# [ENTRIES SHOWN]
───

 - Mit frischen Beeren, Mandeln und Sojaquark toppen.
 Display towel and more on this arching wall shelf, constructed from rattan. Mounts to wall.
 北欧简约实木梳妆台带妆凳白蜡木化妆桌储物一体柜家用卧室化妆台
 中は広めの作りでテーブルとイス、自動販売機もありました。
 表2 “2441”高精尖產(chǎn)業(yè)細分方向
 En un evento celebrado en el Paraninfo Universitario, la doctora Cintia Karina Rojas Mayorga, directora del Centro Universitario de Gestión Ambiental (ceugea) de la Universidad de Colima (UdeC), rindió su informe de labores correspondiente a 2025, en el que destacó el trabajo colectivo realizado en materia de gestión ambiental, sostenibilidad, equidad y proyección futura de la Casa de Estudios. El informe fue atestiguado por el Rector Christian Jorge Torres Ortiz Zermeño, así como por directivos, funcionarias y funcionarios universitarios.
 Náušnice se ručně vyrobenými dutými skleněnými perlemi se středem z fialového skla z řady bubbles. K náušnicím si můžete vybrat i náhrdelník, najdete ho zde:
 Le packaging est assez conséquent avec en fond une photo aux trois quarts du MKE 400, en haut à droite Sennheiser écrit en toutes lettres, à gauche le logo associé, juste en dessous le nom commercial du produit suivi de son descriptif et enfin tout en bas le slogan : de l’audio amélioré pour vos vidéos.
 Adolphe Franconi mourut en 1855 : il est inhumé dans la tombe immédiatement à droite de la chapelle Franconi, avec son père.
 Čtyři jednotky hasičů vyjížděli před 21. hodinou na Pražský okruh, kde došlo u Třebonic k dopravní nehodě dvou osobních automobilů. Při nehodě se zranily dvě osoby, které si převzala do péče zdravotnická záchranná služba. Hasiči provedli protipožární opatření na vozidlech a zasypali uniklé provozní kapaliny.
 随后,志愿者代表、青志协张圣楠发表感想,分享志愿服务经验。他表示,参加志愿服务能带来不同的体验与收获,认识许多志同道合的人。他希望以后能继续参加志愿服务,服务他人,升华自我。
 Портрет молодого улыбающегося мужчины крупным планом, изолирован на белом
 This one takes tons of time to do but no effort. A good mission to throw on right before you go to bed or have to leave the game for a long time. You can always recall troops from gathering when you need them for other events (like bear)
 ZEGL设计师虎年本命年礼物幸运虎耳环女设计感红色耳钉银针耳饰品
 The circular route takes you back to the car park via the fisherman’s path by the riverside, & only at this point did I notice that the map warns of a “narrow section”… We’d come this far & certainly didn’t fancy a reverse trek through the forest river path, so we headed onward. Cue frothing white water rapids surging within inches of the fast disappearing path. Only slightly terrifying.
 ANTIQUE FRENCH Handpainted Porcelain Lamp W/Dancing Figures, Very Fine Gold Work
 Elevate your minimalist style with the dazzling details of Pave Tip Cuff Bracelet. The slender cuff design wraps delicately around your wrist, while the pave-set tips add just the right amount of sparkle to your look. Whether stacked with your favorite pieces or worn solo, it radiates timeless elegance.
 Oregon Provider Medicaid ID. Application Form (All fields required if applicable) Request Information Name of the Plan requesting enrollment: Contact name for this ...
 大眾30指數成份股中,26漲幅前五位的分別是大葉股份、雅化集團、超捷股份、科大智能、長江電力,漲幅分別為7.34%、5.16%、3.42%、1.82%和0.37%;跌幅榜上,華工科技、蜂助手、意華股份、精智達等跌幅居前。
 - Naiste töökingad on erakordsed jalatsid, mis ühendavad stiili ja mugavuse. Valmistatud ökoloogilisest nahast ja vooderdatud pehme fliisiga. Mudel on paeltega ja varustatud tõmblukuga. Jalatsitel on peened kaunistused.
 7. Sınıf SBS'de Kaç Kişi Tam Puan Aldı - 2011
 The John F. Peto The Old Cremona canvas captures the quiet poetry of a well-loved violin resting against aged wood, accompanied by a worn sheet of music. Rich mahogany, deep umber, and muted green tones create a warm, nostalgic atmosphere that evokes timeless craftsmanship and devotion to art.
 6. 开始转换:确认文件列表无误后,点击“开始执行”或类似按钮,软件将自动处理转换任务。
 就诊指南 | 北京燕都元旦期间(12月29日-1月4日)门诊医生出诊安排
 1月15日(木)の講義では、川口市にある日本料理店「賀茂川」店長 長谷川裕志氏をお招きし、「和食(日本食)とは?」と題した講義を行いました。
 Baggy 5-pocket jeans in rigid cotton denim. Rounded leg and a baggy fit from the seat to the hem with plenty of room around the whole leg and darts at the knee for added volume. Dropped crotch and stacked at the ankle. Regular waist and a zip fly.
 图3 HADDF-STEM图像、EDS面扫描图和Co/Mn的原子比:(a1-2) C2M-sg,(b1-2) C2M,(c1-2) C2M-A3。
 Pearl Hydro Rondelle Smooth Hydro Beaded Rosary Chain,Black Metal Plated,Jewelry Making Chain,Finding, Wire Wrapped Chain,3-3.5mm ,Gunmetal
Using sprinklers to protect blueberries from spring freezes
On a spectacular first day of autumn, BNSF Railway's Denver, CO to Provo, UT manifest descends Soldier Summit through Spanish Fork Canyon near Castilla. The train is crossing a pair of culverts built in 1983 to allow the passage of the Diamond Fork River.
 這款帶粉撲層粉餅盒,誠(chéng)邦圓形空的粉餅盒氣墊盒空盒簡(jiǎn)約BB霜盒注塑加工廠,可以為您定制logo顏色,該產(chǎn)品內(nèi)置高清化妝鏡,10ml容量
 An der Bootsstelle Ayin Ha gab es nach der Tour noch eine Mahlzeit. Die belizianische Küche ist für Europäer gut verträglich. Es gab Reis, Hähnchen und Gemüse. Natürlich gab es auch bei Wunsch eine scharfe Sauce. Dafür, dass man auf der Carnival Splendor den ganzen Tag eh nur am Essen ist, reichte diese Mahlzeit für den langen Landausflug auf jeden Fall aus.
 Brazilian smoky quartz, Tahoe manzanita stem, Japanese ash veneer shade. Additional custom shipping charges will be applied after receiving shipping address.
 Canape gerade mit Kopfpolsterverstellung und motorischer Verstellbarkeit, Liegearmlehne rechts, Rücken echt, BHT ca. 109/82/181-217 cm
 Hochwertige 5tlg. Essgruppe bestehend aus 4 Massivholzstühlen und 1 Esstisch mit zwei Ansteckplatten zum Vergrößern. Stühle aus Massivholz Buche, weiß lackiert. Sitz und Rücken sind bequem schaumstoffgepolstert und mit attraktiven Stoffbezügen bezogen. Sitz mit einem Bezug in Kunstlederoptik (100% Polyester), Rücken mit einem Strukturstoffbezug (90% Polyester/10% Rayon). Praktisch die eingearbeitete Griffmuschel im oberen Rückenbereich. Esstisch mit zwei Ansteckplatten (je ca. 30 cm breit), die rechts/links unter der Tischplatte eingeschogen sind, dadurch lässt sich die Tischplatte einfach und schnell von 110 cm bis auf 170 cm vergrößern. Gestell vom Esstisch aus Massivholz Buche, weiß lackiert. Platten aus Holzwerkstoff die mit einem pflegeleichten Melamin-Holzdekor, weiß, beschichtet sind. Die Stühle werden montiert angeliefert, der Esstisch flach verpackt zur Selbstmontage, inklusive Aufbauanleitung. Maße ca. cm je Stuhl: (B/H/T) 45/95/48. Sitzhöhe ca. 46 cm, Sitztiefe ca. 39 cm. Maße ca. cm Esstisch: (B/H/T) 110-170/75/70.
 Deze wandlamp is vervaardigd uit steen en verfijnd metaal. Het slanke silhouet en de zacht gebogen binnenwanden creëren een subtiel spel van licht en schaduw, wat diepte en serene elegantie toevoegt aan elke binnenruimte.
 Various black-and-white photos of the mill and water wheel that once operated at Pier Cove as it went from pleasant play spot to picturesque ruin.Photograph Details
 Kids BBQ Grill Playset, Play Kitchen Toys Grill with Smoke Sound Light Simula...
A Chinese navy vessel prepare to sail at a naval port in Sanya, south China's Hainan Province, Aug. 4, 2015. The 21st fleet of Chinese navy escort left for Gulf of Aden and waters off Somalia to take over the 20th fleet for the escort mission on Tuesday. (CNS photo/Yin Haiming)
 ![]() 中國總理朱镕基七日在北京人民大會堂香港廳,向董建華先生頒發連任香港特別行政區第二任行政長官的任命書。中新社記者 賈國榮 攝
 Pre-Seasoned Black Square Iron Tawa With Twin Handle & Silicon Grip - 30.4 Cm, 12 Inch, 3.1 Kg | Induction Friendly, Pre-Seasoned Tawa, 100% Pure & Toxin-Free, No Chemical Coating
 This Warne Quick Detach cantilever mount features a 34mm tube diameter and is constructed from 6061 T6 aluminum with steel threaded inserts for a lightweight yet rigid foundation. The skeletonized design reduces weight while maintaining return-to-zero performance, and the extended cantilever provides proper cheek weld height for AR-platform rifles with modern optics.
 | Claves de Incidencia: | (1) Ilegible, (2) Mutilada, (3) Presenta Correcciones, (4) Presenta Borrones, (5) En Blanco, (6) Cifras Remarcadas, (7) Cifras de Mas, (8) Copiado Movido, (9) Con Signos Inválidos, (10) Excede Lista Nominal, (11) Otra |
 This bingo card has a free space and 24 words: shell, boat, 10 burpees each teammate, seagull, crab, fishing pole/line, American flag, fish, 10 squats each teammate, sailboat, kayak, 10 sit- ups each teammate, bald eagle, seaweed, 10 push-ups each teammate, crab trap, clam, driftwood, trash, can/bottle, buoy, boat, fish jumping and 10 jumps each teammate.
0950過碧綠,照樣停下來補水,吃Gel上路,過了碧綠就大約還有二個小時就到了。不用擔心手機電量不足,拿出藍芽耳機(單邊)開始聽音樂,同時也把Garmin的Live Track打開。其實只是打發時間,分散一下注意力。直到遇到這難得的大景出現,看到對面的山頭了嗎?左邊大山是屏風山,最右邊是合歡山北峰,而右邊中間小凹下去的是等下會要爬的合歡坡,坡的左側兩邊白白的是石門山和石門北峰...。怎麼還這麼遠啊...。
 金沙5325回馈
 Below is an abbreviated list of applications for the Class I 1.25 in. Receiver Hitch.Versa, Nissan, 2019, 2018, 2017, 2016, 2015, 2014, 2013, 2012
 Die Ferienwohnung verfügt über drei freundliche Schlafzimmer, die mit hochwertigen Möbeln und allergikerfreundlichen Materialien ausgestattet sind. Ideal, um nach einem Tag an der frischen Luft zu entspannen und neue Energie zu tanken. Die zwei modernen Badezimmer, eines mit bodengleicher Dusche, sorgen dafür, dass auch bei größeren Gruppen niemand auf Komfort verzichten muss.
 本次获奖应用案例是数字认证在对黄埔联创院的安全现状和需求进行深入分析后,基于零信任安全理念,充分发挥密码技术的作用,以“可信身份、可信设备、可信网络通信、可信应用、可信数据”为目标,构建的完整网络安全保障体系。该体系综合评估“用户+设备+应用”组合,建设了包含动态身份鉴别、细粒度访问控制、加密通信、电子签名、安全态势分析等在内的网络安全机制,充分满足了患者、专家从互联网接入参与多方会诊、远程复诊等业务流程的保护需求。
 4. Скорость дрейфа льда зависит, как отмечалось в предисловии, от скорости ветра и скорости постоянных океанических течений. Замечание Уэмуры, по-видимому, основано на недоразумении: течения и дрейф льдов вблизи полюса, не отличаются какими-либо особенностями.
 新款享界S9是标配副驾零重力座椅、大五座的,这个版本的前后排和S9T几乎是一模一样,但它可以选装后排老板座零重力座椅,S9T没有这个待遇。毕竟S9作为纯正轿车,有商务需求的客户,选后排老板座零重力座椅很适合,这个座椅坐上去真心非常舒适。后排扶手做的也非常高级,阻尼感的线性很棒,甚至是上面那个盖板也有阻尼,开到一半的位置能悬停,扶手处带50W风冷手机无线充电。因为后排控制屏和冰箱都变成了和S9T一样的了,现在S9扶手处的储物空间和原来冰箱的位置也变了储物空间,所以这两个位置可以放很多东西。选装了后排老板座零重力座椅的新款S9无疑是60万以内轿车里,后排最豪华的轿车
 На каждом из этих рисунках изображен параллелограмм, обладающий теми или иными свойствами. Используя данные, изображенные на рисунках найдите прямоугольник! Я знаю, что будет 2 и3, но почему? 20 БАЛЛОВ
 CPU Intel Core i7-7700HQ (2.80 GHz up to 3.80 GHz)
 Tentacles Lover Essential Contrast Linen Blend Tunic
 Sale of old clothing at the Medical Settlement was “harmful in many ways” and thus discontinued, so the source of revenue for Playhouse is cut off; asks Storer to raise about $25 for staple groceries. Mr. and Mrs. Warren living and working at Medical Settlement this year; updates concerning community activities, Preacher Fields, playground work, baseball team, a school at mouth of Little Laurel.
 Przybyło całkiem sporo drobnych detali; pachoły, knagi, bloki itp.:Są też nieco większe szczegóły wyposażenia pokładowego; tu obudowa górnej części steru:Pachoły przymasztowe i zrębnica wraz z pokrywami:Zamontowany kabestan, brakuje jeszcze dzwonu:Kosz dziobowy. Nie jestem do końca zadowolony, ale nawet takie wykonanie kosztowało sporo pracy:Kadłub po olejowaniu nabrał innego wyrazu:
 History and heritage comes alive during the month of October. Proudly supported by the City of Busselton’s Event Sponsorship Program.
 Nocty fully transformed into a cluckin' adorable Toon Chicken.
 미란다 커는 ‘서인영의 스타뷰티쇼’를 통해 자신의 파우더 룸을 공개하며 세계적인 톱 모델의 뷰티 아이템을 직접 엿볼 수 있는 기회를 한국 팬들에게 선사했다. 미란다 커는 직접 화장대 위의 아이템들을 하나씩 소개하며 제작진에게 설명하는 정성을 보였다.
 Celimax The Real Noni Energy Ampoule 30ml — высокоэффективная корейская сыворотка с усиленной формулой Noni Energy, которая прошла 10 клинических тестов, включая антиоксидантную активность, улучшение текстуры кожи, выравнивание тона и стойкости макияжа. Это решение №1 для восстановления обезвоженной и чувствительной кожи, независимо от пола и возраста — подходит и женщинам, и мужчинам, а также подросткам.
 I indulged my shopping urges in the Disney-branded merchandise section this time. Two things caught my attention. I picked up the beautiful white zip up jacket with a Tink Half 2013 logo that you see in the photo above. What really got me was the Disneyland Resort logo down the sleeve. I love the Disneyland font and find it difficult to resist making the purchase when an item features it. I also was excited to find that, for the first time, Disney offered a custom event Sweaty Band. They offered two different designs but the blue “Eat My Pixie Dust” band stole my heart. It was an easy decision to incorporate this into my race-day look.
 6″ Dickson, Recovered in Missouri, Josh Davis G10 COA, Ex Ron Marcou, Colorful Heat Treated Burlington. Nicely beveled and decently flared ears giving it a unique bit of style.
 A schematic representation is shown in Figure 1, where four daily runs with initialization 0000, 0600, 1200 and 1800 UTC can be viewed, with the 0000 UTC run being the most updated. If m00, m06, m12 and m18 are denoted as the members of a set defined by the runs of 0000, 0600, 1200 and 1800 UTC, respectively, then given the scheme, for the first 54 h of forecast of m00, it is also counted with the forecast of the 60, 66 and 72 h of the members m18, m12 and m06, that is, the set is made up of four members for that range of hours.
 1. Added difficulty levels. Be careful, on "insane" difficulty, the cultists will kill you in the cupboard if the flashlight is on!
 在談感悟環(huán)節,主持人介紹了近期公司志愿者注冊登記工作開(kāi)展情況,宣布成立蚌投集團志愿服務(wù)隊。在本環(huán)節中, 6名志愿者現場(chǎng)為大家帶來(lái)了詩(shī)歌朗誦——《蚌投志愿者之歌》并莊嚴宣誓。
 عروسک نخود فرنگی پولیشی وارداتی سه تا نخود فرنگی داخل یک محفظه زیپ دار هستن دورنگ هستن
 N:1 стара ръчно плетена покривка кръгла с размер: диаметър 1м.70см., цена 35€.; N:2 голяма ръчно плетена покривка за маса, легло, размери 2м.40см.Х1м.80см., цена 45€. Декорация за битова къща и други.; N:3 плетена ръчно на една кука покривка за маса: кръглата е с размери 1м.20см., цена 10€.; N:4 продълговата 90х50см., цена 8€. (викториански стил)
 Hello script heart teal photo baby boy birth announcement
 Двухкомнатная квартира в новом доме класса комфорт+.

───

# [PROBLEM TO SOLVE]
Return only the exact lines from the opening of the records through the line that contains "Le packaging est", both included.

# [ANSWER TO THIS TASK]
 - Mit frischen Beeren, Mandeln und Sojaquark toppen.
 Display towel and more on this arching wall shelf, constructed from rattan. Mounts to wall.
 北欧简约实木梳妆台带妆凳白蜡木化妆桌储物一体柜家用卧室化妆台
 中は広めの作りでテーブルとイス、自動販売機もありました。
 表2 “2441”高精尖產(chǎn)業(yè)細分方向
 En un evento celebrado en el Paraninfo Universitario, la doctora Cintia Karina Rojas Mayorga, directora del Centro Universitario de Gestión Ambiental (ceugea) de la Universidad de Colima (UdeC), rindió su informe de labores correspondiente a 2025, en el que destacó el trabajo colectivo realizado en materia de gestión ambiental, sostenibilidad, equidad y proyección futura de la Casa de Estudios. El informe fue atestiguado por el Rector Christian Jorge Torres Ortiz Zermeño, así como por directivos, funcionarias y funcionarios universitarios.
 Náušnice se ručně vyrobenými dutými skleněnými perlemi se středem z fialového skla z řady bubbles. K náušnicím si můžete vybrat i náhrdelník, najdete ho zde:
 Le packaging est assez conséquent avec en fond une photo aux trois quarts du MKE 400, en haut à droite Sennheiser écrit en toutes lettres, à gauche le logo associé, juste en dessous le nom commercial du produit suivi de son descriptif et enfin tout en bas le slogan : de l’audio amélioré pour vos vidéos.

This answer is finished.